In base a tale impostazione, i modelli funzionano, basta metterli in pratica piegando, nel caso sia utile perché dispieghino il massimo delle loro potenzialità, perfino la realtà. Il cuore del problema per gli economisti alla Giavazzi è trovare teorie sempre migliori e sofisticate che dimostrino la superiorità formale del ragionamento sulla realtà. Una volta dimostrato che queste teorie vanno bene in laboratorio, allora basta applicarle alle varie situazioni. E se non dovessero funzionare la colpa la si può sempre rovesciare sui politici che “non hanno capito”.
Con il fallimento della Lehman accadde esattamente questo. Ci fu un coro di economisti che invocava il fallimento della banca d’affari americana perché solo in questo modo la teoria del mercato che si autocorregge (la via schumpeteriana della distruzione creatrice) sarebbe stato messo alla prova dimostrando che la “mano invisibile” del mercato vive e lotta insieme a loro.
Oggi Giavazzi dice che fu una “evidente sciocchezza” perché quella teoria non teneva conto delle conseguenze, ovvero di come è fatta davvero la realtà.

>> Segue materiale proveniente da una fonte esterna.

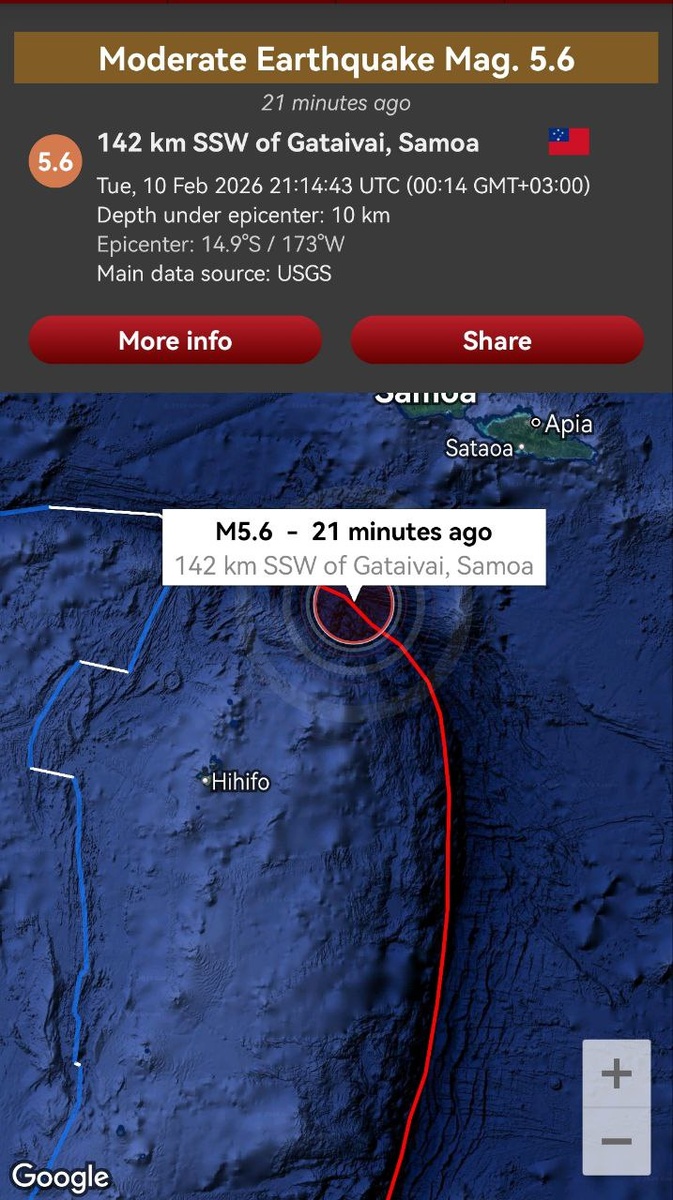 Зона у Самоа также получила своё М5.6. А напрашивалась она на него уже пару недель. Энергия здесь сброшена лишь частично, возможно более сильное продолжение.

Facendo fallire la Lehman si è mandato in tilt il mondo; se si fosse lasciata fallire la Grecia (come molti invocavano) l’euro sarebbe finito; se oggi lasciassimo l’Irlanda al suo destino accadrebbe la stessa cosa.
Il punto più importante delle ammissioni di Giavazzi è proprio questo: c’è un filone di economisti che sta cominciando a pensare che la teoria, i “modelli” sono una gran bella cosa, ma che la realtà è assai diversa. Per essere coerente dovrebbe aggiungere che anche riforme del welfare che non tengono conto dell’unicità del tessuto industriale italiano; riforme fiscali che non tengono conto dell’organizzazione famigliare della società italiana; riforme universitarie che non tengono conto delle necessità delle aziende italiane sono altre “evidenti sciocchezze”. Basta avere un po’ di pazienza.